I have enough trouble carrying a cord of wood into the house from the car, while these gogos are moving around the countryside with logs and knives. Then changing clothes and heading into the valley under their umbrellas to drink tea and listen to the radio with their friends.
I salute the fortitude of these gogos. I admire the fabulous fabric of their pinafores. And I kept wondering what made them walk through the heat, up and down those hills, on the day that I visited. Why were the gogos so keen to get together in that community hall?

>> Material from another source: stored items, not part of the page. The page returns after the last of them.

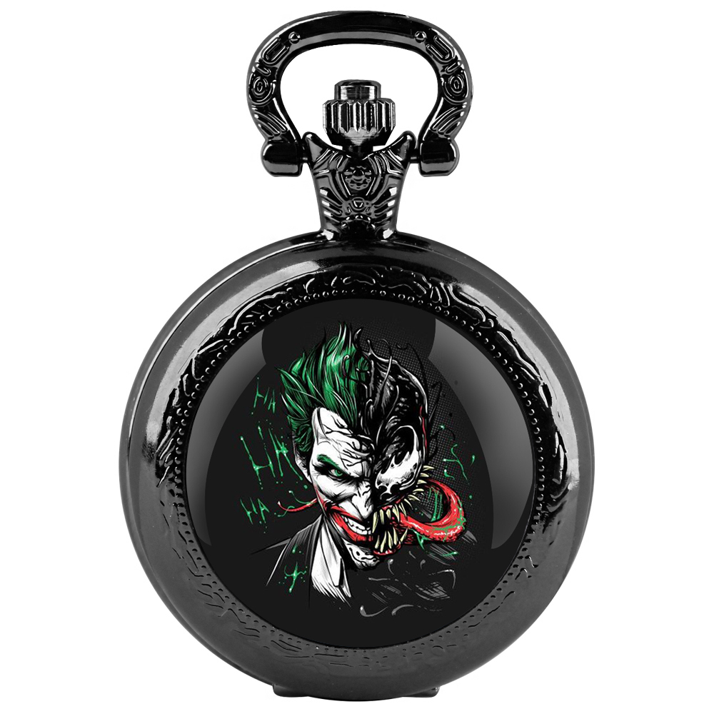 Delicate Gifts Quartz Pocket Watch Joker Design Glass Dome Necklace Pendant for Mens Womens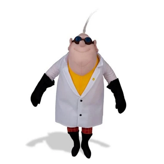 You can almost see great scientific genius at work here. This Dr. Nefario plush doll with small whisp of hair comes equipped in signature lab gloves and goggles and lab coat complete with smiley face on left lapel.
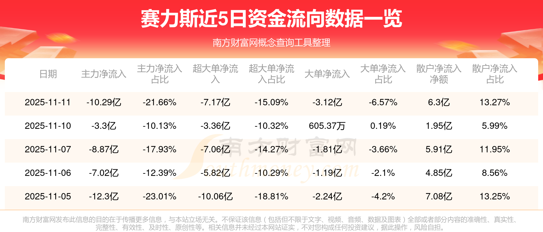 11月11日消息,賽力斯主力凈流出10.29億元,超大單凈流出7.17億元,散戶凈流入6.3億元。

They told me that they came to talk about their personal problems. The facilitator of the gogos’ support group, Jane Nxasana, helped found this community development organization 15 years ago, when HIV and AIDS were raging through the Ofafa Valley, claiming lives and leaving orphans for gogos to care for. Jane volunteered at first and now works as a Manager and Home Based Care Co-ordinator.
The name of the group is Woza Moya. Woza is Zulu for come and Moya is a word with many meanings: wind, air, breath, spirit. So it’s an expression that beckons the spirit. Jane showed me these guidelines that are used in running the monthly support group meetings.
This approach to sharing problems is a mix of a traditional African circle with the mindfulness practice that many in the community have learned from the nearby Buddhist Retreat Centre which launched Woza Moya. The gogos sit in a circle, a source of energy and wisdom that represents completeness, and open themselves to reflection.
“Woza Moya is a women-led organisation, with Sue, Jane and Benedicta at the helm. Maybe this has led to our culture of reflection, mindfulness and Ubuntu. Reflective practice is done in various forms at regular intervals at all levels within the organisation. Two researchers in psychology and health care communication visited Woza Moya. Dr Neil Prose from Duke University Medical Center in the US and Dr Thirusha Naidu from the University of KwaZulu-Natal came to Woza Moya to understand more about our reflective practices, the check-in circle that we do every morning before we begin work, and also our regular support groups. Drs Prose and Naidu believe that this unique Woza Moya approach is a big reason why so many of our care workers are able to accomplish so much in the community and to remain working at Woza Moya for such a long time.”
“Ubuntu” is an African concept of human kindness, from the word in many Bantu languages for “person”. It is often translated by the saying: “A person is a person because of other people.”
These gogos taught me that gogos are gogos because of other gogos. I saw them emerge from their meeting looking happy, calm – and pleased to have had a (free) meal together. Then the gogos walked home.
Check out this video shot featuring the “Sock Monkeys” that these gogos make by hand in one of Woza Moya’s community projects.
Gogos in Africa are not the only ones who feel marginalised by growing old in rural areas. See this comment from an older UK resident who complained about the “distinctly urban feel” of most information about aging.
“Aging in rural and provincial Britain poses very different challenges (isolation, transportation and lack of public services amongst them) and it is important these challenges are also recorded and addressed.”
– Nesta innovation charity site, UK
It seems that, wherever you are in the world, there are challenges to growing old in the countryside. My view, after visiting the gogos of Ofafa, is that “It’s hard out here for a gogo!”
(The phrase “It’s hard out here” is from the Hip-Hop song “It’s Hard out Here for a Pimp”, by Three 6 Mafia which won an Oscar in 2006 for Best Original Song in the film, Hustle and Flow. English pop star Lily Allen’s hit, “Hard out Here” is a feminist critique of the entertainment industry.)